Markus Liebendörfer (vorn) und Martin Schneider (in schwarz) auf der Proberunde durch den Wald bei Dahenfeld. (Foto: Christian Gleichauf)

Nur wer sich auskennt, kann Gas geben

Von Christian Gleichauf

Eigentlich hatte sich Martin Schneider schon die GPS-Daten besorgt und versucht, die Strecke vorab kennenzulernen. "Aber da verfährt man sich dann doch immer wieder, deshalb mache ich das jetzt noch einmal richtig." Und so gehört der Markgröninger an diesem Samstagnachmittag zu den rund zwei Dutzend Fahrern, die von Markus Liebendörfer vom RC Pfeil die 31 Kilometer lange Runde durch den Wald bei Dahenfeld geführt werden. Am kommenden Sonntag gilt es schließlich: 62 Kilometer in zwei Runden oder nur eine Runde für die weniger Ausdauernden sind beim 4. Bikemax Mountainbike-Marathon zu absolvieren.

Hindernisse 300 Fahrerinnen und Fahrer erwarten die Verantwortlichen - bei gutem Wetter. "Die letzten melden sich immer sehr kurzfristig an", sagt Markus Liebendörfer. Und auch auf viele Zuschauer hoffen die Organisatoren. Liebendörfer und einige seiner Vereinskollegen haben schon viele Stunden darauf verwendet, die Strecke vorzubereiten. "Unser zweiter Vorstand Ralf Rogall ist einmal mit dem Rasenmäher durchgefahren", erzählt der 21-Jährige. Kurz vor dem Rennen werden noch Äste entfernt, ab diesem Freitag ist sie gesperrt. "Es gibt Leute, die sind nicht so begeistert, wenn die Mountainbiker da durch den Wald fahren." Manche würden dann sogar absichtlich Stöcke auf die Strecke legen.

Planung für 2011 Dabei ist offiziell alles von der Stadt genehmigt und mit den Förstern abgesprochen. "Das steht schon seit dem vergangenen Jahr fest, sonst könnte man so eine Veranstaltung ja gar nicht planen", sagt Liebendörfer. So werde jetzt schon abgeklärt, wie die Strecke nächstes Jahr aussieht. Dann soll der Radmarathon über zwei unterschiedliche Runden führen - auch wegen der Abwechslung.

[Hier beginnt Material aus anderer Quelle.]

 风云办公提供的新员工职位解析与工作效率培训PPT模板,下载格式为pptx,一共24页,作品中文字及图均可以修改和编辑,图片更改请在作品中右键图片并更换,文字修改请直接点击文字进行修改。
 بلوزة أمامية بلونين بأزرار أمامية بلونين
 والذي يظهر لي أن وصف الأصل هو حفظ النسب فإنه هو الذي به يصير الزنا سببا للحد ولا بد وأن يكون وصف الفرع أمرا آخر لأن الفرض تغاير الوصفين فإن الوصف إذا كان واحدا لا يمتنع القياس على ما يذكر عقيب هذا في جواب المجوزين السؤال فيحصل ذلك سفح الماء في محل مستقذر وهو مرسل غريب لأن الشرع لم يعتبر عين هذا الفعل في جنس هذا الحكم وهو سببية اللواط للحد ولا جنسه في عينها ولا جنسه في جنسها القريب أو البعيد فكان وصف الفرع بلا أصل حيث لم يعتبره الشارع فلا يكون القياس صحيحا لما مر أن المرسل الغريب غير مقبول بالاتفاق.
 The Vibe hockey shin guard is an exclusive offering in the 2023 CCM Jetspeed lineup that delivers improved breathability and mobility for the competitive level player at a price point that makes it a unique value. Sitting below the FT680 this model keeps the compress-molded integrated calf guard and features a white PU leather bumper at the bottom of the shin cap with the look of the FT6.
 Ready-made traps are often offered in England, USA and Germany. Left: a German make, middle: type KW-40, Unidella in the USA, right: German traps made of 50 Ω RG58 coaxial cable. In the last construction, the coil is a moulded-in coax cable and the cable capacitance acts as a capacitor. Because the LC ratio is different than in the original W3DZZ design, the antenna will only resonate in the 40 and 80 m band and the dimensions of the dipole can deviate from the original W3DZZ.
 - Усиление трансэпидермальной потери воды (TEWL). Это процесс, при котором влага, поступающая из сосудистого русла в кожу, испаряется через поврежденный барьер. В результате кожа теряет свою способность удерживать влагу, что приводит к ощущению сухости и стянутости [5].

In diesem Jahr genügt es den Sportlern dagegen, sich die eine Runde genau einzuprägen. Alex Allgaier aus Neckarsulm gehört auch dazu. Er war schon im vergangenen Jahr dabei und will Gas geben. Ein gutes Fahrrad hilft - "für jeweils 1000 Euro mehr geht das Gewicht ein Kilo runter", meint der 28-Jährige. Sein Rad würde regulär so um die 2800 Euro kosten, dafür muss er nur 12,5 Kilo den Berg hochtreten. "Aber Fitness und Kraft ist durch nichts zu ersetzen." Das ermutigt auch seine Bekannten, die teils stolz verkünden, teils zurückhaltend zugeben, dass ihre Fahrräder nicht ganz so teuer waren.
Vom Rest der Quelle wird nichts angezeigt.